The first experimental evidence for the existence of membrane microdomains enriched in GPI-anchored proteins was the isolation, as buoyant complexes, of detergent-insoluble membrane fractions enriched in GPI- anchored proteins, GSL, and cholesterol from MDCK cells (Brown and Rose, 1992
). The GPI-anchored protein PLAP was found to become detergent insoluble in the Golgi, a property that persisted even after the protein reached the apical membrane (Brown and Rose, 1992
). Additional components of detergent-insoluble membrane microdomains were later shown to include signal-transducing lipid-modified proteins such as nonreceptor tyrosine kinases and the caveolar marker caveolin (Stefanova et al., 1991
; Sargiacomo et al., 1993
;Arreaza et al., 1994
; Melkonian et al., 1995
). Recently, a number of studies have helped clarify the relationship between membrane microdomains enriched in GPI-anchored proteins, detergent-insoluble complexes, and caveolae, 70–100-nm invaginations of the plasma membrane that are decorated with the protein caveolin (Fra et al., 1994
; Schroeder et al., 1994
; Gorodinsky and Harris, 1995
; Mayor and Maxfield, 1995
; Schnitzer et al., 1995
; Smart et al., 1995
; Hannan and Edidin, 1996
; Ahmed et al., 1997
). These studies indicate that proteins and lipids that share the common property of detergent insolubility are not necessarily associated in intact cell membranes, but leave open the question of the size and nature of the microdomains before detergent extraction (Kurzchalia et al., 1995
; Edidin, 1997
; Harder and Simons, 1997
; Weimbs et al., 1997
). There is clearly a need for a more precise definition of what constitutes a functional membrane microdomain in intact cell membranes.

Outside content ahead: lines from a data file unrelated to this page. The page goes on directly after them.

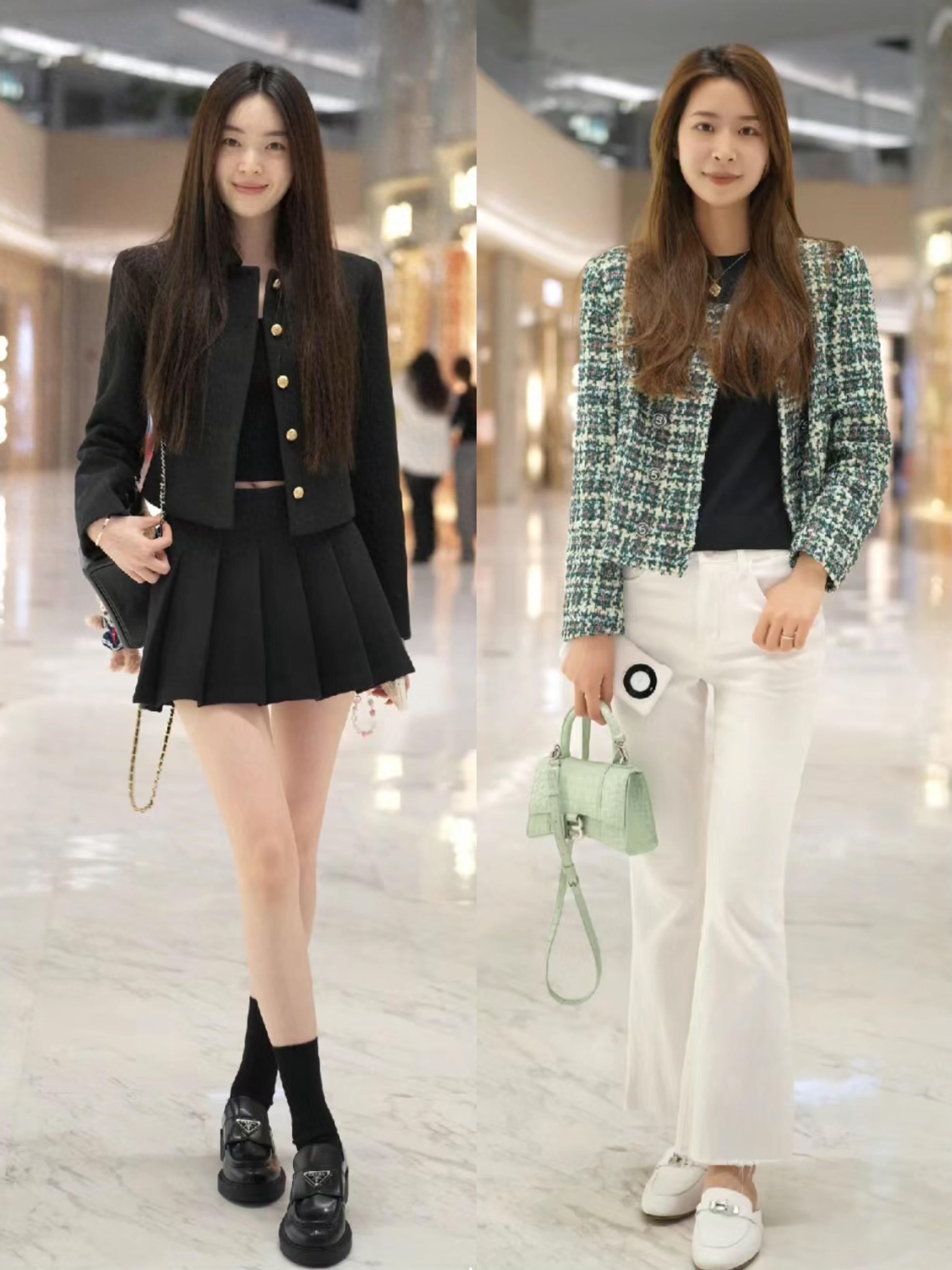 小香風外套大都是比較修身的款式,所以內搭可以適當修身一點。修身的內搭來搭配寬鬆的小香風外套,外鬆內緊的搭配、也更加洋氣顯瘦。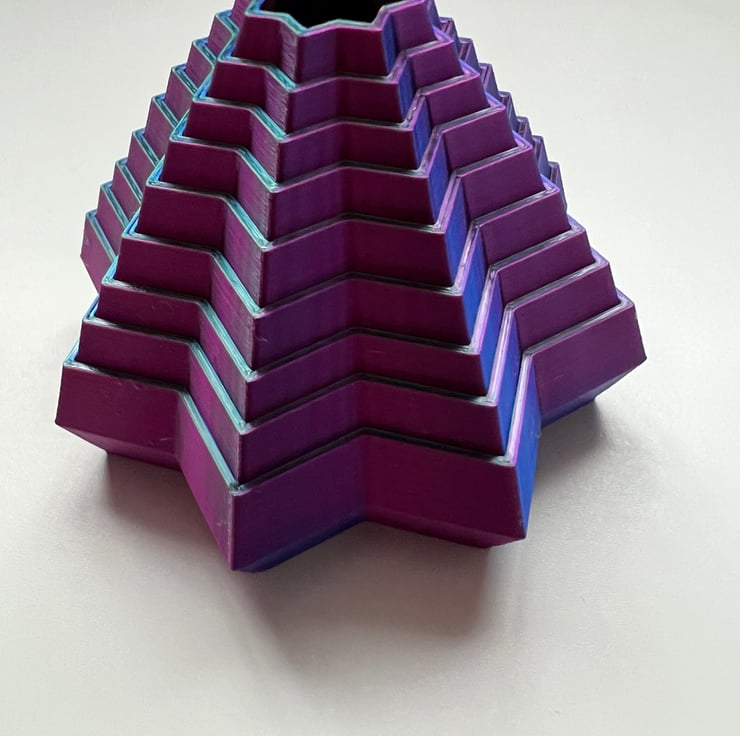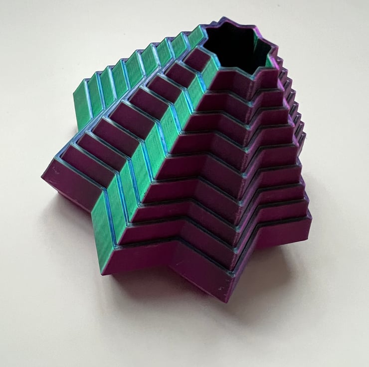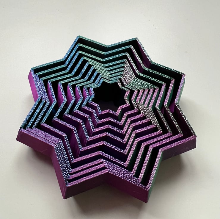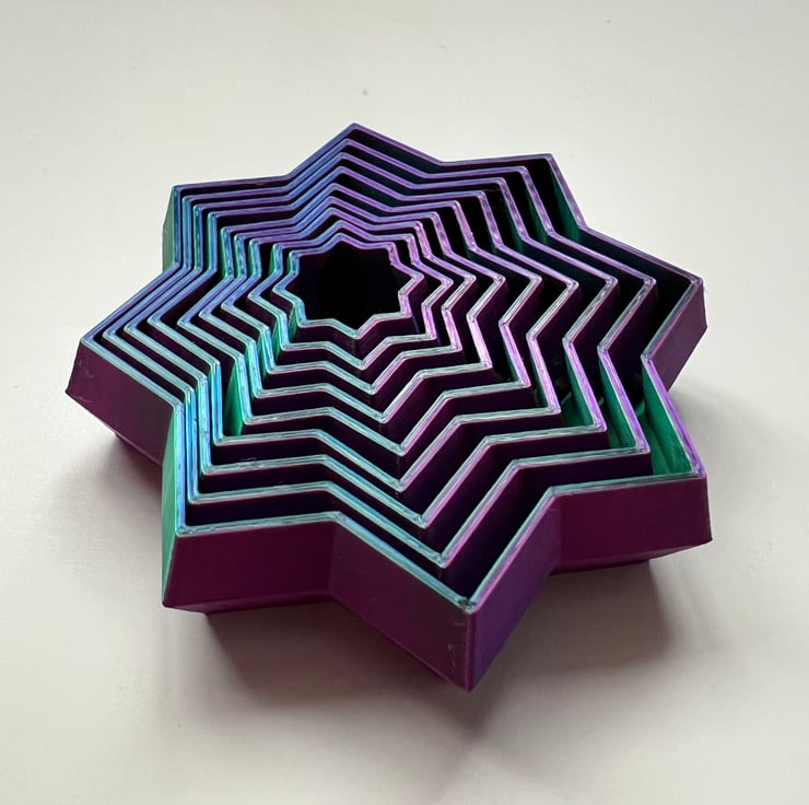 A 3D printed fidget star printed in a beautiful eye catching purple, blue and green colour.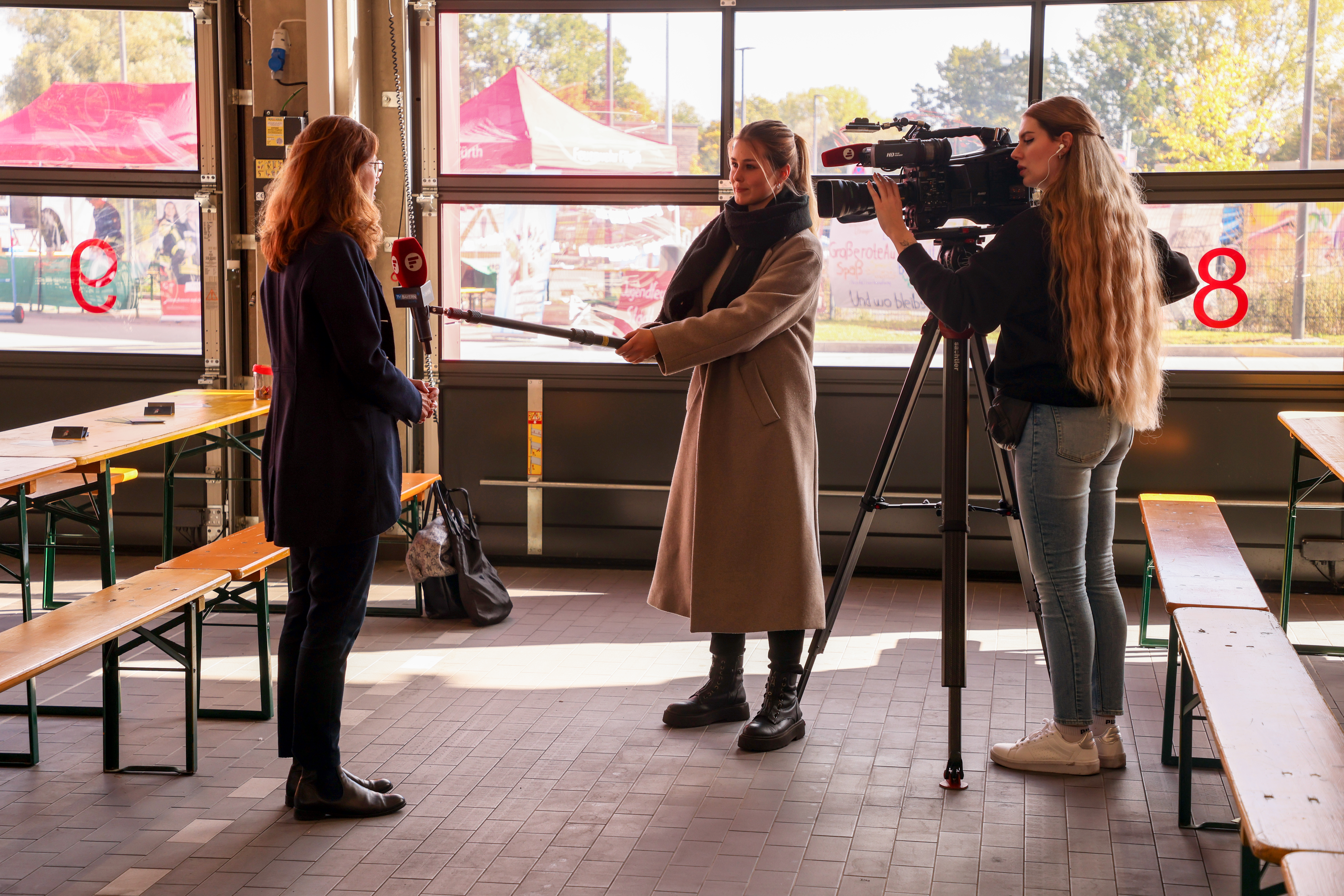 BeschreibungBaureferentin Christine Lippert im Interview mit der Moderatorin Nathalie Reils von Frankenfernsehen zur Eröffnung der neuen Feuerwache, Okt. 2023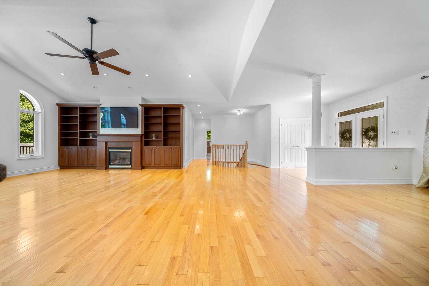 • Open-concept living space with vaulted ceilings and hardwood flooring.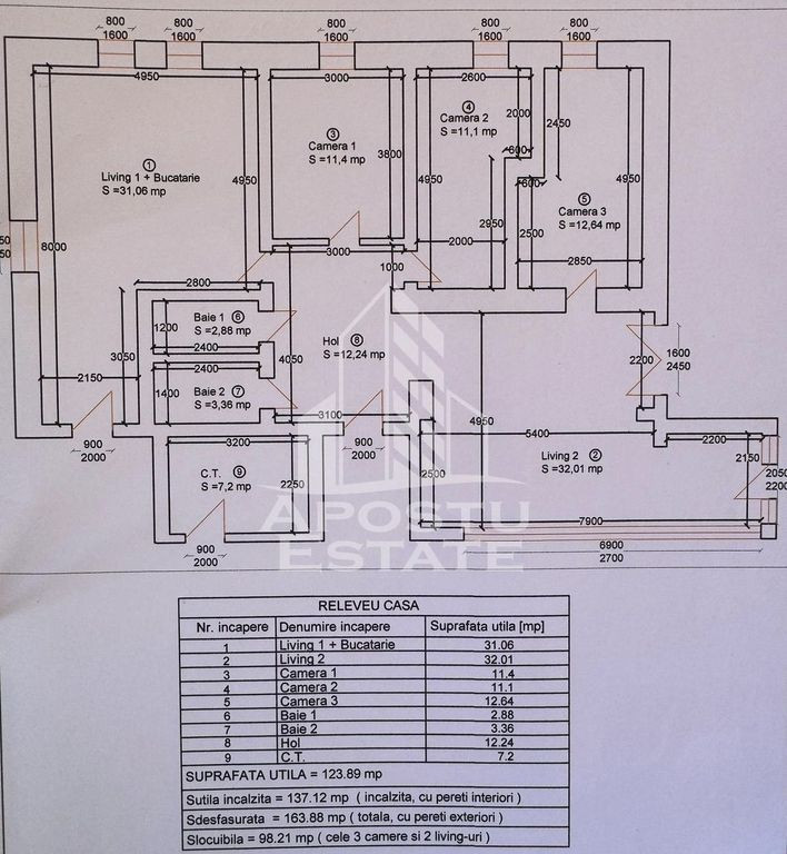 Apostu Estate va propune spre vanzare o casa superba in localitatea Dinias, la 20 de km de Shopping City Timisoara. Gardul inalt de 3m in jurul proprietatii ofera sentimentul de intimitate, iar salcamii din curte si tuia maturi de 20 ani dau grandoare curtii. Pentru confort maxim, imobilul beneciaza si de o piscina mare, aceasta necesitand reconditionare completa. Imobilul este format din 2 constructii: - Casa mare formata din 2 living-uri, 3 dormitoare, bucatarie si 2 bai cu o suprafata de 123.89 mp utili - Bucatarie de vara formata din o camera, bucatarie si baie + pod locuibil cu o suprafata de 58.72 mp utili Suprafata terenului este de-a dreptul generoasa, 2050mp formata din 2 parcele, fiecare cu numar de casa propriu. Confortul termic este asigurat de cetrala termica electrica cu incalzire prin calorifere, iar peretii grosi si izolatia asigura cheltuieli mici. Ar fi multe de spus despre aceasta proprietate, dar va invitam la o vizionare sa descoperiti toate avantajele pe care le ofera. ID intern: 2373208

Our findings, obtained using a high-resolution imaging technique, begin to place distinct limits on the structure of microdomains enriched in GPI-anchored proteins in intact cell membranes. We report here that the GPI-anchored protein 5′ NT, which is known to associate with detergent-insoluble complexes (Mescher et al., 1981
; Schnitzer et al., 1995
; Strohmeier et al., 1997
), is also resistant to Triton X-100 extraction in MDCK cells. Yet it appears that most 5′ NT are randomly distributed and are not clustered over the <100-Å length scale of the FRET measurements. This places limits on the ways in which GPI-anchored proteins can associate with lipid rafts. For example, our data argue against a model where 5′ NT is predominantly associated with a finite number of rafts, since we would have expected to measure relatively high energy transfer because of clustering of the protein in rafts, even at low surface densities of 5′ NT expression (Fig. ). The limitations of our current measurements prevent us from ruling out the possibility that FRET between 5′ NT arises from a mixture of a large fraction of randomly distributed and a small fraction of clustered (raft-associated) molecules. However, it is interesting to consider the consequence of a purely randomly distribution of 5′ NT for the structure of lipid rafts. If this were the case, then these membrane microdomains must either be vanishingly small (in agreement with a current model [Harder and Simons, 1997
]), or alternately must comprise the entire apical membrane. Our results also have implications for the membrane organization of GPI-anchored proteins during membrane trafficking and sorting, since the biochemical properties of the membrane microdomains involved in sorting and the steady-state organization of GPI-anchored proteins are assumed to be similar. This could be further tested by directly examining the membrane organization of GPI- anchored proteins and other apically destined proteins and lipids in the Golgi. Further work will be also be required to determine whether functional associations of other lipid-modified proteins and GSL can be visualized in cell membranes, and whether these associations are mediated by lipid–lipid or protein–lipid interactions. Imaging FRET will be a powerful tool to further investigate these questions in intact cells.